NH Educators Online (NHEON.org)
The concept of the NH Educators Online site was first explored by a steering committee composed of New Hampshire teachers, librarians, and technology coordinators. NHEON.org has been online since the summer of 1999. The site hosts a number of resources and information about projects, programs, and other digital resources for New Hampshire Educational Technology. The site is continuously under improvement, as resources become available and the online needs of New Hampshire educators evolve.
ET News Listserv and Blog
Subscribe to the ETNews listserv for the latest news from the New Hampshire Educational Technology on ed tech grants, online learning, OPEN NH session updates, new digital tools, research, and more. For all this and local, national, and worldwide news on digital learning and educational technology, follow the ET News blog.
Digital / Information and Communication Technologies (ICT) Literacy
Ed 306.42, contain the minimum requirements districts must use in order to establish an ICT Literacy program for all students in grades K through 12. The standards require districts provide all K-12 students with opportunities to use and learn about a wide variety of digital tools through an integrated approach, in which the learning of content standards is enhanced through the use of information and communication technologies. New Hampshire Educational Technology reviews and supports districts and schools as they enhance and update their ICT Literacy Programs. The NH ICT Literacy Standards are based on the National Educational Technology Standards (NETS), which are developed by the International Society for Technology in Education (ISTE). For more information, visit the ICT Literacy Toolkit on NHEON.org.
School and Districtwide Technology Planning
New Hampshire Educational Technology at the New Hampshire Department of Education strongly encourages the development of district technology plans that focus technology priorities towards the digital tools and infrastructure necessary to promote teaching, learning, assessing, and producing powered powered by today's technology. For more information, visit the Technology Planning Toolkit on NHEON.org.
Future Ready Schools New Hampshire
Future Ready is a bold new effort to maximize digital learning opportunities and help school districts move quickly toward preparing students for success in college, a career, and citizenship.

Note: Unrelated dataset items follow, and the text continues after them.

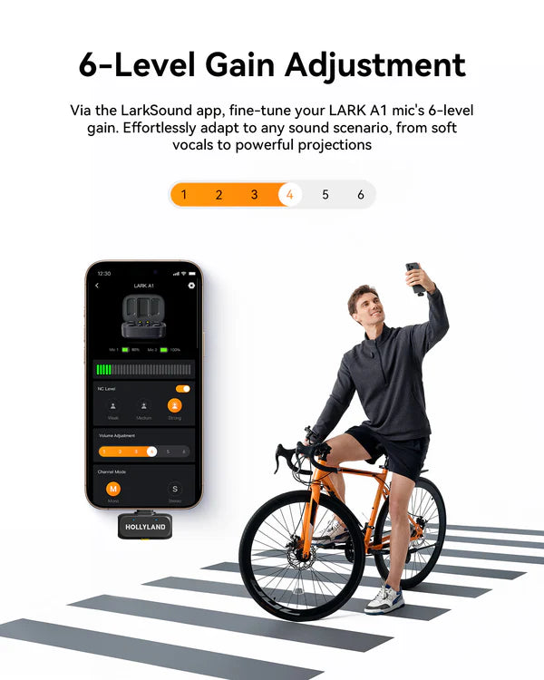 استمتع بتجربة تسجيل احترافية في أي وقت ومع أي جهاز ذكي مع Hollyland LARK A1، الميكروفون اللاسلكي فائق الوضوح المصمم للاتصال السلس بالهواتف الذكية بنظام التشغيل التوصيل والتشغيل Plug & Play....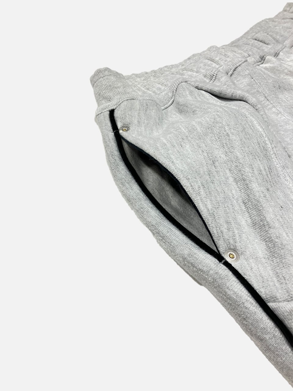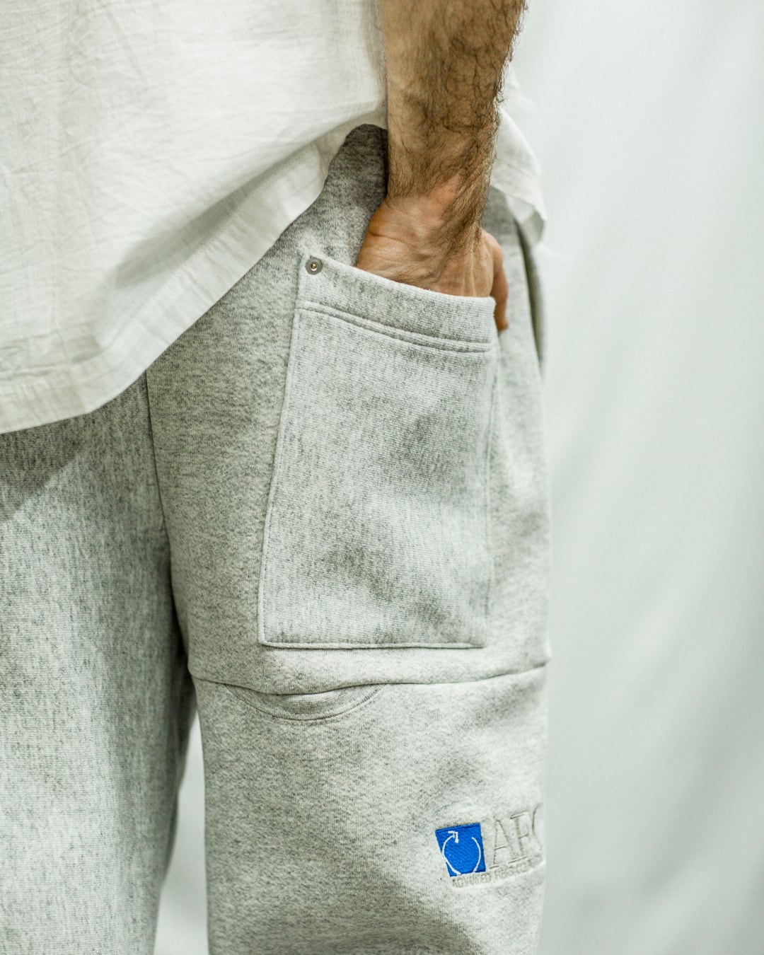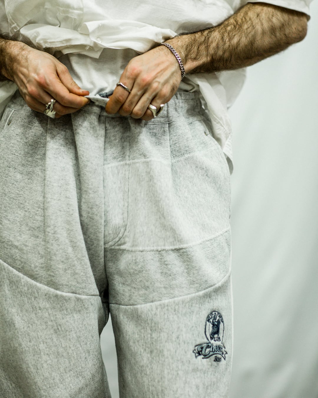 スウェットのフロント刺繍部分をパンツの前・後脇部分に移植して刺繍ロゴが配置されたデザイン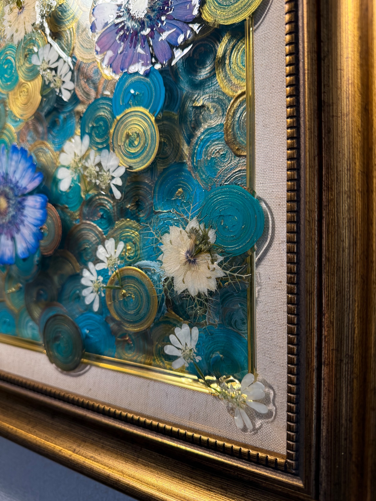 ・F3号額縁(渦ペイント+押し花+レジン加工込み):¥50,000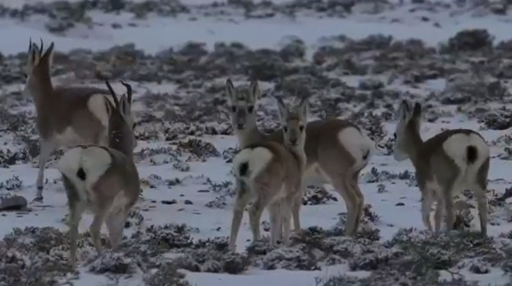 甘肃阿克塞:祁连山下藏原羚雪中嬉戏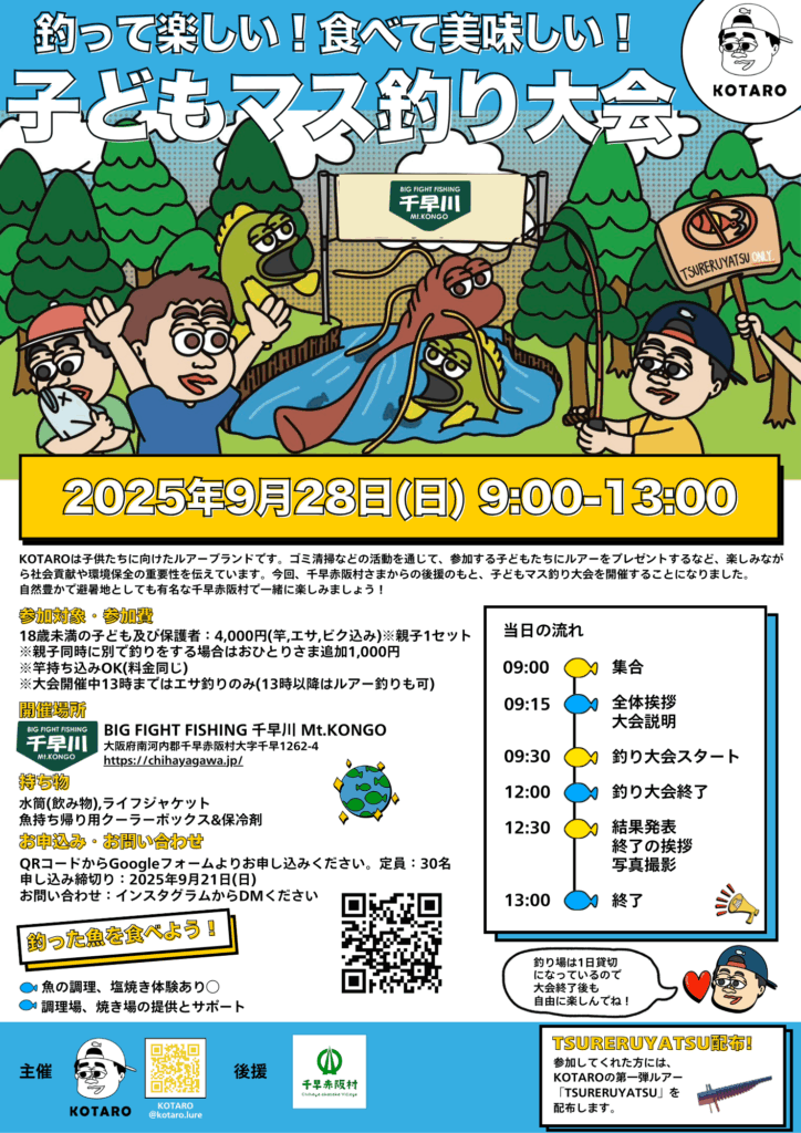 今回、千早赤阪村さまからの後援のもと、子どもマス釣り大会を開催することになりました。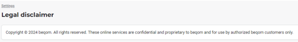 In the Account section, click Legal disclaimer. You are redirected to the legal disclaimer page, as illustrated below:

The initiative will provide districts with resources and support to ensure that local technology and digital learning plans align with instructional best practices, are implemented by highly trained teachers, and lead to personalized learning experiences for all students, particularly those from traditionally underserved communities. Future Ready Schools New Hampshire seeks to help superintendents, schools, faculty, students, and community members make their Future Ready Commitment a reality by providing resources, professional development, and examples of Future Ready teaching and learning in New Hampshire.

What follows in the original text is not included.